Here Are Some Memes About How Badly The Iowa Caucus Went

The Fyre Fest of the 2020 campaign.

Wellllllllllllllllllp. The 2020 campaign has officially begun, and it's not off to a great start.

The Iowa caucuses took place Monday night in 1,682 precincts around the state and 87 satellite locations around the country and the world. But, as the night wore on, it became clear that things weren't going quite as planned.

The Iowa Democratic Party revamped the process for 2020, taking a number of steps to make the caucuses more transparent and accessible, including a new app for precincts to report results.

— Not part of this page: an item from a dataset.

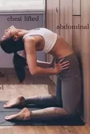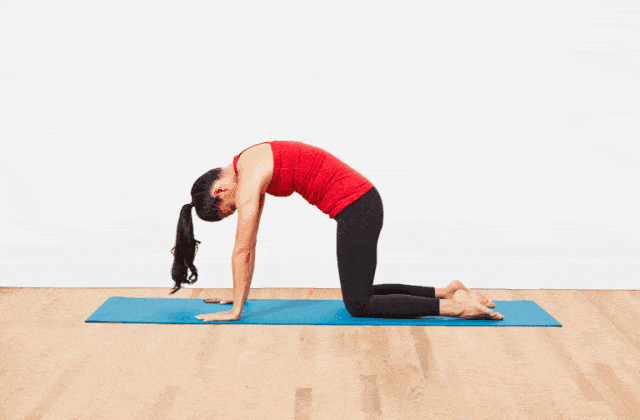 吸气时盆骨向上,腰向下微曲,形成一条弧线,眼睛微微向上看。呼气时背部慢慢上拱,带动脸向下方,视线集中在大腿,直至背部有伸展的感觉。

They did so after a contentious outcome in 2016, when Hillary Clinton and Bernie Sanders finished neck and neck. But by late Monday, precinct chairs were struggling to report results to the party, and the party announced that the results would be delayed until sometime Tuesday.

me waking up in the middle of the night to see what’s going on with the iowa caucus

By Tuesday morning, there still weren't any results.

my god how did I not wake up to Iowa Caucus results

People compared it to the disastrous Fyre Festival.

And suggested that Fyre Festival founders Billy McFarland and Ja Rule might have actually organized the caucuses too.

Newly released image of the DNC officials who organized the Iowa caucus this year #IACaucus #IowaCaucuses

A bunch of people had ideas about what had gone wrong.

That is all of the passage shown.